• PROBLEM: The reply should contain only the lines from the start of the records through the line with "该预测值与疫情前年份相仿,但", reproduced verbatim and without pictures.

*** INFORMATION Section Begins ***

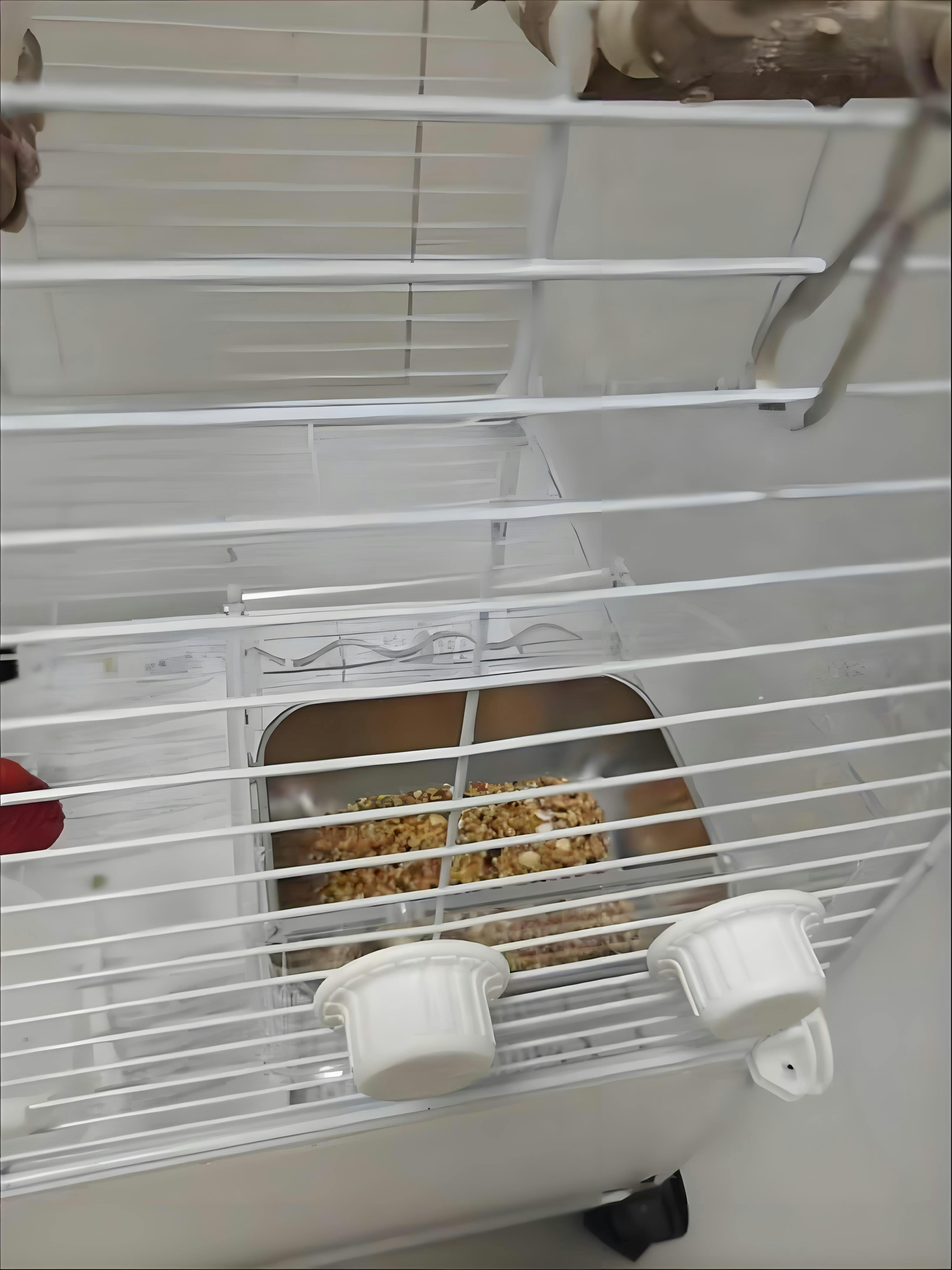 Unlike hanging feeders that spill or tip over, this cage-mounted design stays firmly in place—preventing food waste and mischievous bird behavior.
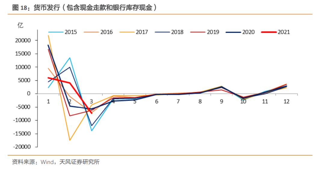 该预测值与疫情前年份相仿,但低于去年同期,这主要是因为疫情期间货币回笼节奏较传统季节性要更慢一些。
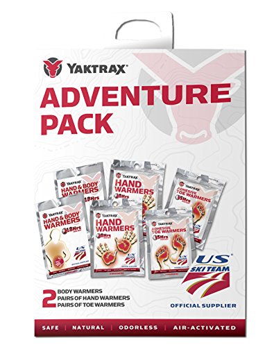 Studio : Yaktrax Publisher : Yaktrax Binding : Sports Product Description Yaktrax Hand Warmer, Body Warmer, and Toe Warmer Adventure Pack disposable warmers provides long-lasting warmth and is ideal for keeping your body warm when the temperature gets cold. Once opened, these odorless and environmentally-safe warmers begin working within minutes. Yaktrax Warmers contain natural ingredients including iron powder, water, salt, activated charcoal, and vermiculite. Yaktrax Body Warmers are ideal for keeping warm when camping, hunting, fishing, skiing, athletic events, and more. Pack includes: two pairs Hand and Body Warmers, two pairs Hand Warmers, two pairs Adhesive Toe Warmers 0
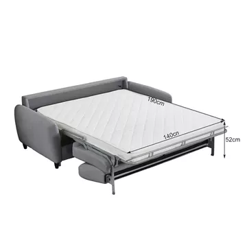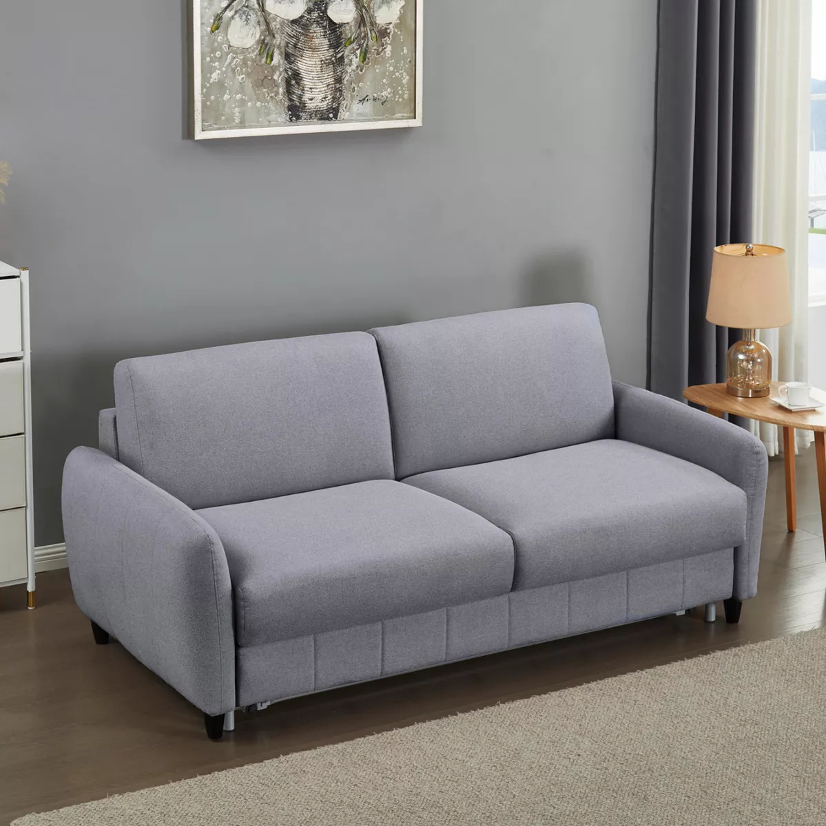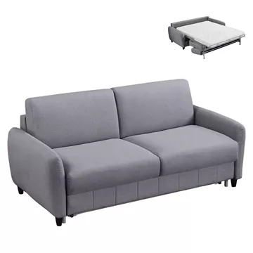 Ο διθέσιος καναπές κρεβάτι ETUDINE είναι μια κομψή και απολύτως λειτουργική επιλογή για κάθε μοντέρνο σπίτι. Η γκρι υφασμάτινη επένδυση, τα στρογγυλεμένα λεπτά μπράτσα και τα διακριτικά μαύρα ποδαράκια προσδίδουν μια καθαρή, minimal αισθητική, ενώ ο ενσωματωμένος μηχανισμός μετατροπής σε κρεβάτι τον καθιστά ιδανικό τόσο για καθημερινή χρήση όσο και για φιλοξενούμενους.
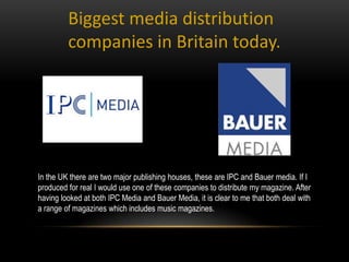 The document discusses potential media distribution companies in the UK for a new music magazine. It analyzes the two major publishing houses, IPC and Bauer Media, which both distribute magazines with similar target audiences of 15-34 year olds. Specifically, Bauer Media distributes Q Magazine, which has a circulation of 80,418 copies and targets a slightly older audience than NME Magazine. The document concludes that Bauer Media would be the preferred choice to distribute a new music magazine targeting 16-25 year olds, as they have experience targeting the desired demographic. An alternative option would be to independently publish the magazine, citing the success of MixMag as an example.
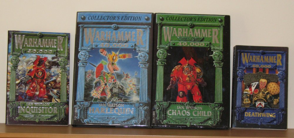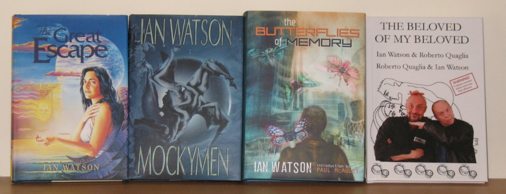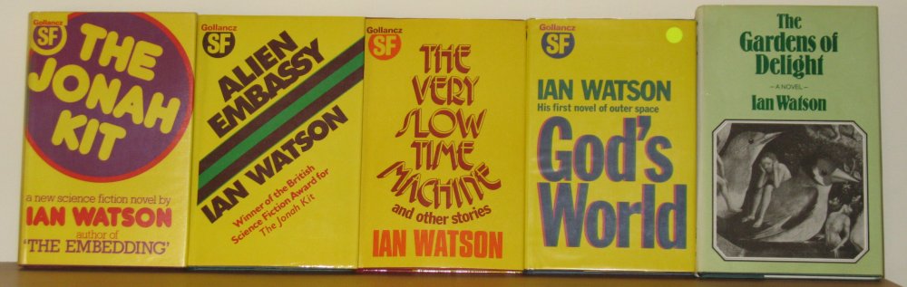 I suspect Ian Watson himself would probably scoff at being described as a national treasure of British science fiction, but in four decades he has written twenty-nine novels and a dozen collections and every single one of them is worth reading. As Adam Roberts can attest, as he’s been on something of a Watson kick recently. Myself, I’ve been a fan for many years and have managed to accumulate a goodly collection of first editions, many of which are signed. My collection is not complete, but it is close. No Space Marine, for example; though I’ve been looking for a good copy for years. And at least two books, I believe – The Whores of Babylon and Converts – were only published in paperback (I have them, but they’re not pictured below).

*** INFORMATION Section Ends ***

• REPLY:
 Unlike hanging feeders that spill or tip over, this cage-mounted design stays firmly in place—preventing food waste and mischievous bird behavior.
 该预测值与疫情前年份相仿,但低于去年同期,这主要是因为疫情期间货币回笼节奏较传统季节性要更慢一些。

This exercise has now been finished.